GRO Marshfield is an agency established to promote economic growth and improve the quality of life in Marshfield. “It is not just about the business. It’s about the community and the people who live here,” explains the President of GRO Marshfield, Duane Lavery. He and his team are about helping and finding ways to allow the community to flourish. “I’m often asked, ‘what is it I do?’ I tell them, ‘One of the main things I do is help new businesses come into town.’ But that is only one part of what I do. There are many other things involved in Economic Development,” Lavery says.

Lavery broke down what GRO Marshfield is about and its recent focus on workforce development. The number one issue companies face is the lack of a skilled workforce. He explained how this is not just the needs of current businesses but also future ones. Lavery illustrates, “Try building a house right now and find the trade workers. The carpenters, the masons, the plumbers who can lay down new piping. Call a local contractor, and they will tell you how hard it is to find somebody to come on-site and get something done.”
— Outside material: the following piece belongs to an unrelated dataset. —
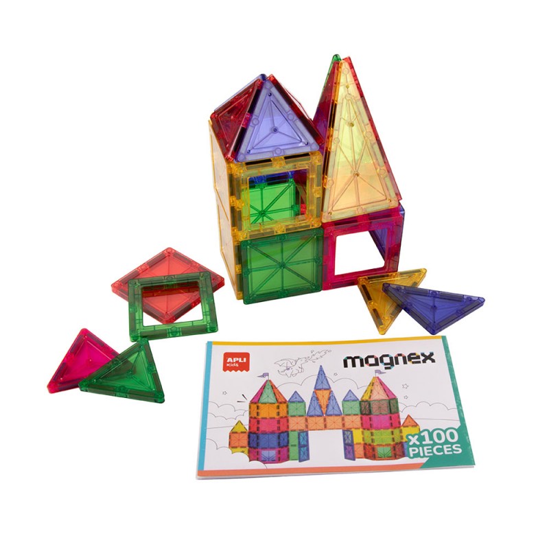 O conjunto Magnex de 100 peças é o mais completo da coleção, perfeito para construir grandes estruturas com total liberdade criativa.

Trade schools are not a factor considering many are in the area, such as Ozarks Technical Community College, Midwest Tech Institute, or even Bryan University. In addition, they can teach or hone the skills in about two or four years, meaning less having to study and more time in the field. However, getting people interested or understanding what the job market needs in the first place might be the hurdle.

Lavery tells about a time he worked on a project and got an ice cream company to build a factory in a particular area. It provided over 1500 jobs, but when he went to the local high school to discuss the career opportunities, the students gave Lavery pushback. “'Mr. Duane, I don’t want to make ice cream.' I told them, You don’t make the ice cream; the machines make it. I need you to calibrate, program, maintain, and fix the machines, and that takes skill’ ”.

It might not sound appealing at first, but working for a factory or becoming a mason can be a fulfilling career. Not only are they essential for daily life, but they are also high-paying. These jobs can make an estimated $45,000 to $150,000 per year, starting with upward potential for more.

The need for skilled workers is not going away anytime soon. We all have a part to help with the success of workforce development. Lavery summarizes, "That's our job. Yours, mine, everyone's job is to help the business industry succeed. If the businesses don't succeed, people lose jobs, and if we lose jobs, we have bigger problems."